Give back exactly the line containing "Blue glitter material" and all that follow it in the data below, with the pictures left out.

Data shown>
####

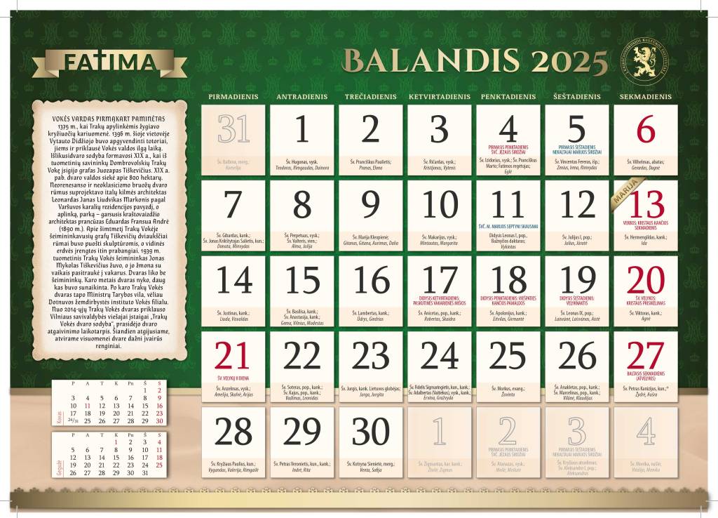 Pirma, tai liturginis kalendorius, kuriame rasite visas svarbiausias metų šventes, minėtinas dienas ir atlaidus, išskirtinį dėmesį skiriant Švenčiausiajai Mergelei Marijai ir su Ja susijusioms datoms.
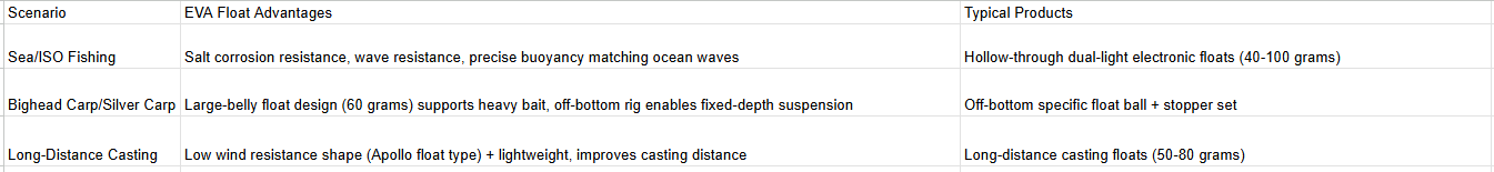 EVA 낚시는 물질 성능 혁신 (비 흡수성, 높은 탄력성)과 기능 설계 확장 (바닥 오프 톰 리그, 전자 통합)을 통해 떠 다니며 담수 Bighead 잉어 낚시에서 심해 ISO 낚시에 이르기까지 모든 시나리오를 다룹니다. 그들은 특히 고강도와 복잡한 환경에서 상당한 이점을 보여줍니다.
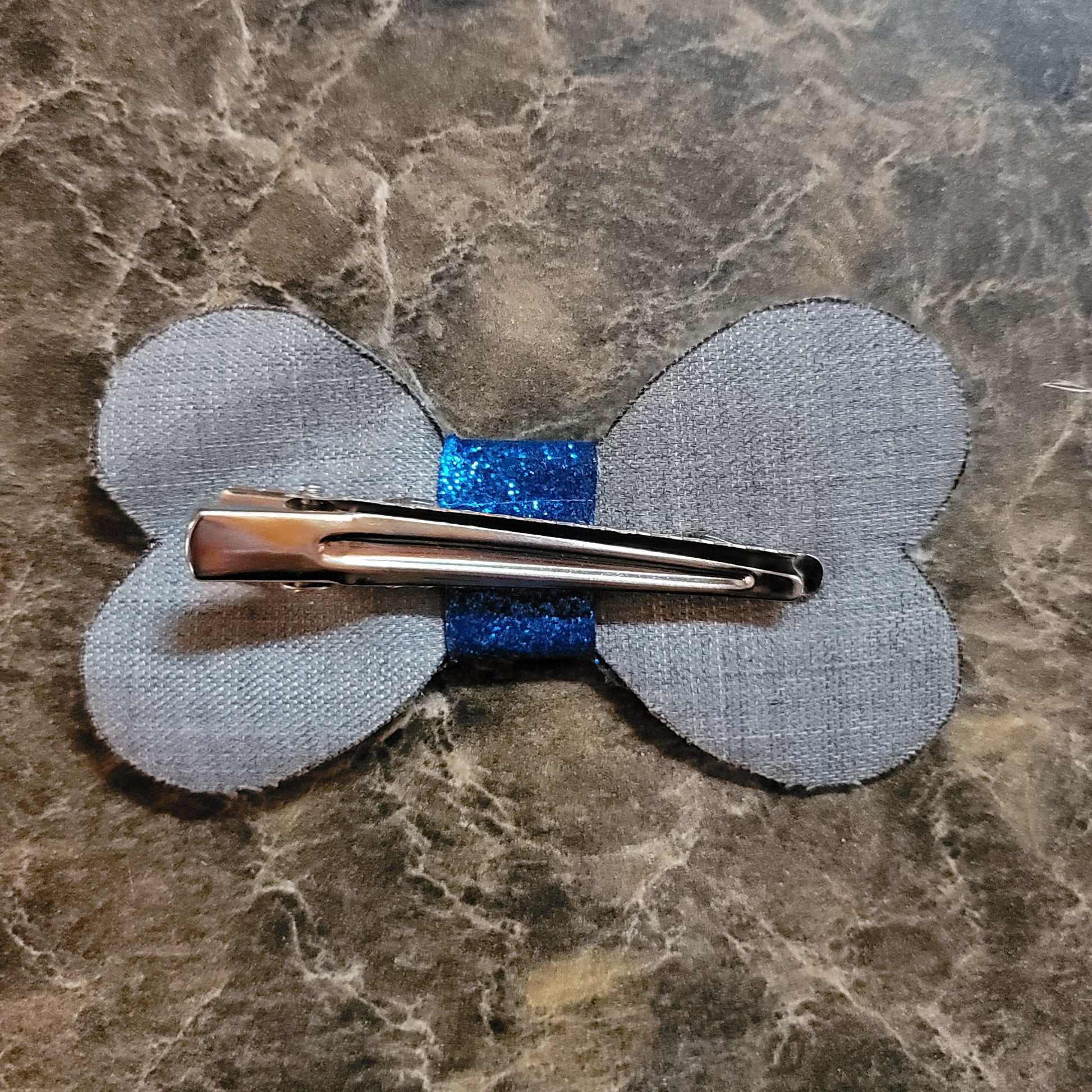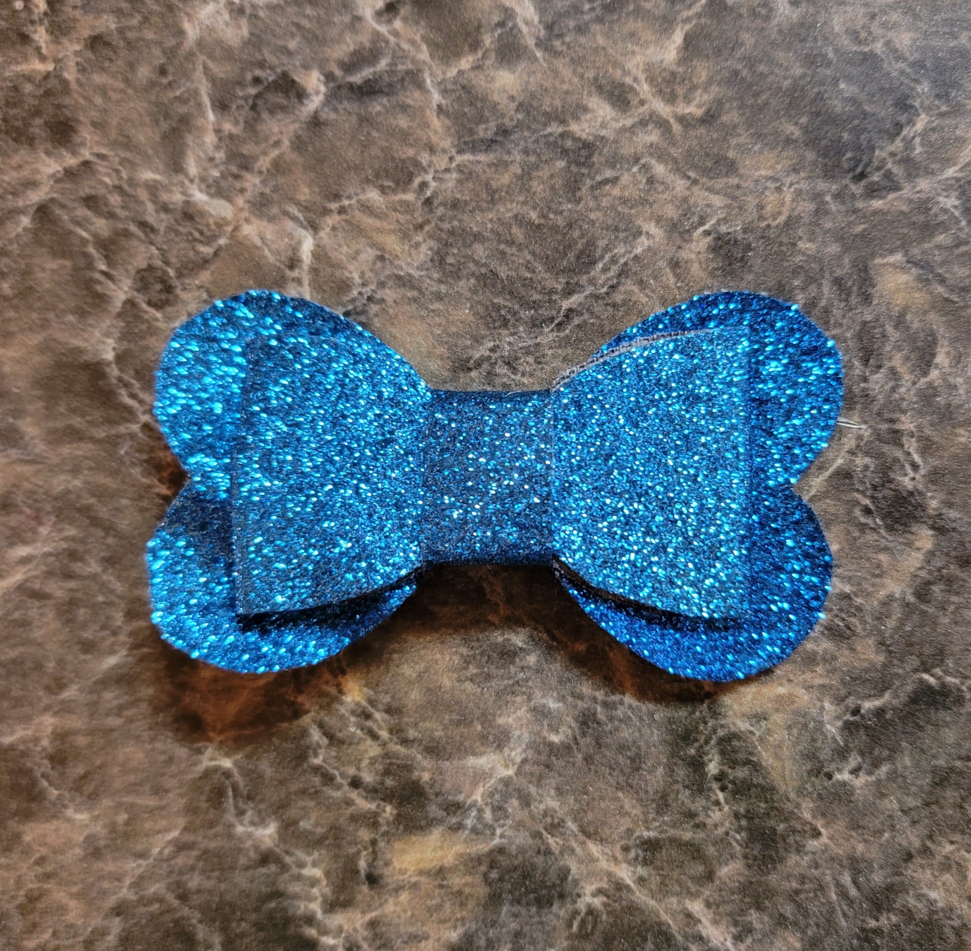 Blue glitter material with soft backing. Bow secured to an alligator clip.
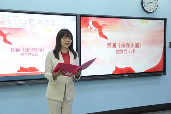 第二个节目,由数学党支部带来朗诵《信仰永恒》。教师代表精神饱满,声音洪亮,热情讴歌中国共产党。

####

Task result>
 Blue glitter material with soft backing. Bow secured to an alligator clip.
 第二个节目,由数学党支部带来朗诵《信仰永恒》。教师代表精神饱满,声音洪亮,热情讴歌中国共产党。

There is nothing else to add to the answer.